De ces agglomérations, c'est Uruk, site éponyme de la période, qui est le plus grand et de loin dans l'état actuel
de nos connaissances, et surtout celui à partir duquel la séquence chronologique de la période a ébâtie. Il
pourrait avoir couvert 230 à 500 hectares à son apogée durant l'Uruk récent, donc bien plus que les autres grands
sites contemporains, et cette agglomération aurait pu regrouper de 25 000 à 50 000 habitants. On connaît
essentiellement l'architecture imposante de deux groupes monumentaux situés à 500 mètres de distance. Les
constructions les plus remarquables sont situées dans le premier, le secteur dit de l'Eanna (du nom du temple qui
s'y trouve aux périodes suivantes, s'il n'y est déjà). Après le « Temple calcaire » du niveau V, un programme de
constructions sans équivalent jusqu'alors est entrepris au niveau IV. Les bâtiments ont désormais des dimensions
bien plus vastes que précédemment, certains ont des plans inédits, et on met au point de nouvelles techniques de
construction pour les réaliser et les décorer. L'Eanna du niveau IV est divisé en deux ensembles monumentaux :
à l'ouest, un premier complexe regroupe le « Temple aux mosaïques » (décoré par des mosaïques formées par
des cônes d'argile peints) du niveau IVB ensuite recouvert par un autre édifice (le « Bâtiment en briquettes ») au
niveau IVA ; à l'est se trouve un groupe plus importants de documents, notamment un « Bâtiment carré » et le «
Temple aux piliers », remplacés ensuite par d'autres édifices de plan original, comme le « Hall aux piliers » et le
« Hall aux mosaïques », une « Grande cour » carrée, et deux édifices plus vastes à plan tripartite, le « Temple C
» (54 × 22 mètres) et le « Temple D » (80 × 50 mètres), le bâtiment le plus vaste connu pour la période d'Uruk.

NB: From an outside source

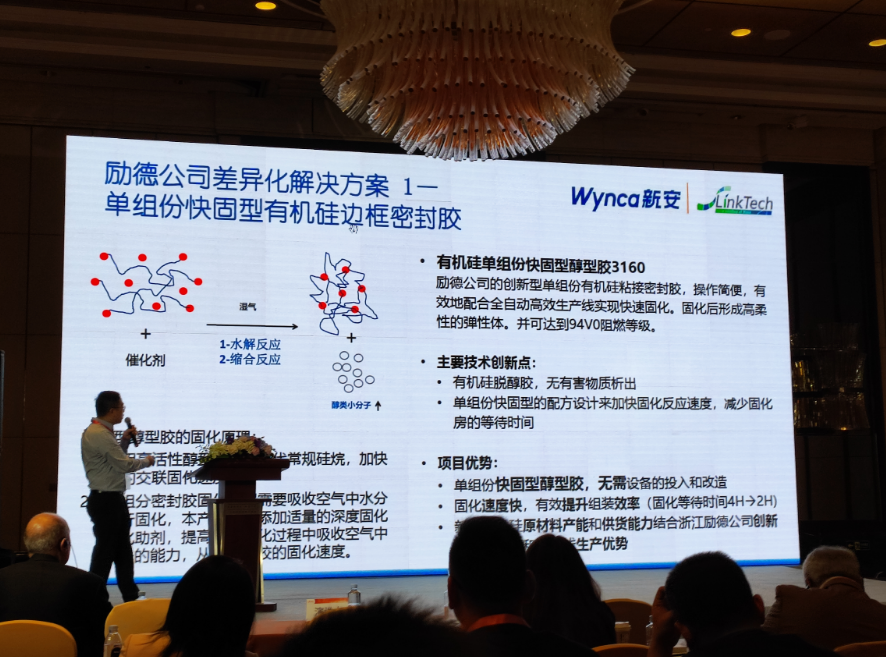 新安集團子公司浙江勵德硅材料有限公司 涂(tu)磊 新安集團子公司浙江勵德硅(gui)材(cai)料有(you)限(xian)公司涂磊就(jiu)題目“有(you)機硅(gui)創新產(chan)品助力光伏組件的高(gao)效生(sheng)產(chan)”作(zuo)了以下報告。 涂先(xian)生首先(xian)對公(gong)司產(chan)(chan)業(ye)及規模(mo)進(jin)行了介(jie)紹。勵(li)德有機硅(gui)(gui)(gui)(gui)(gui)致力于(yu)(yu)從金(jin)屬(shu)硅(gui)(gui)(gui)(gui)(gui)冶煉、硅(gui)(gui)(gui)(gui)(gui)粉加工(gong)及單體合成(cheng)(cheng),再(zai)到(dao)硅(gui)(gui)(gui)(gui)(gui)橡膠(jiao)、硅(gui)(gui)(gui)(gui)(gui)樹脂、硅(gui)(gui)(gui)(gui)(gui)烷偶聯劑系(xi)列產(chan)(chan)品的(de)生產(chan)(chan),實現了材(cai)料(liao)上下(xia)游一體化(hua)發展,以41個系(xi)列近3000種(zhong)產(chan)(chan)品服務于(yu)(yu)全球6500家(jia)客戶(hu),立志成(cheng)(cheng)為硅(gui)(gui)(gui)(gui)(gui)基(ji)新材(cai)料(liao)解決方案(an)的(de)全球領先(xian)者(zhe)。勵(li)德有機硅(gui)(gui)(gui)(gui)(gui)產(chan)(chan)品廣泛應(ying)用(yong)于(yu)(yu)光伏(fu)(fu)產(chan)(chan)業(ye)鏈各環節(jie),比(bi)如(ru)用(yong)于(yu)(yu)光伏(fu)(fu)組(zu)件(jian)組(zu)裝的(de)粘(zhan)接密封膠(jiao)、用(yong)于(yu)(yu)光伏(fu)(fu)逆變(bian)器的(de)模(mo)塊灌封膠(jiao)、用(yong)于(yu)(yu)儲能(neng)的(de)導熱(re)填縫膠(jiao)等。 有機(ji)硅(gui)粘(zhan)接密(mi)封(feng)膠產品(pin)通常分(fen)為脫(tuo)酸膠、脫(tuo)肟膠、脫(tuo)醇膠三類,其(qi)中脫(tuo)肟膠有機(ji)密(mi)封(feng)膠應用最(zui)廣,但其(qi)硫化(hua)過程會釋放一種PH大于7的有機(ji)溶劑。勵德有機(ji)硅(gui)開(kai)發出(chu)單組分(fen)快固型醇型膠3160及雙組分(fen)粘(zhan)接密(mi)封(feng)膠3250-PV,有效緩解了組件邊(bian)框粘(zhan)接密(mi)封(feng)膠易溢(yi)出(chu)的行業(ye)難題。

Le second secteur (attribué au dieu An par les fouilleurs du site car c'est là que se trouve le sanctuaire de ce dieu
3 000 ans plus tard) est dominé par une série de temples bâtis sur une haute terrasse depuis la période d'Obeid, le
mieux conservé étant le « Temple blanc » du niveau Uruk IV, mesurant 17,5 × 22,3 mètres, qui doit son nom au
plâtre blanc recouvrant ses murs. À ses pieds avait été édifié un bâtiment à plan labyrinthique, le « Bâtiment en
pierre ». La fonction de ces constructions, inédites par leur taille et surtout le fait qu'elles soient réunies en
groupes monumentaux, est débattue. Les fouilleurs du site voulaient y voir des « temples », influencés par le fait
qu'aux périodes historiques l'Eanna est le quartier de la déesse Inanna et l'autre est celui du dieu An, en lien avec
les théories de « cité-temple » en vogue durant l'entre-deux-guerres. Il est possible qu'on soit en fait en présence
d'un lieu de pouvoir formant un complexe d'édifices de nature différente (résidences palatiales, espaces
administratifs, chapelles palatiales), voulus par le pouvoir dominant dans la ville, dont la nature reste à
déterminer. En tout cas il a fallu mettre en œuvre des moyens considérables pour les édifier, ce qui montre les
capacités des élites de cette période.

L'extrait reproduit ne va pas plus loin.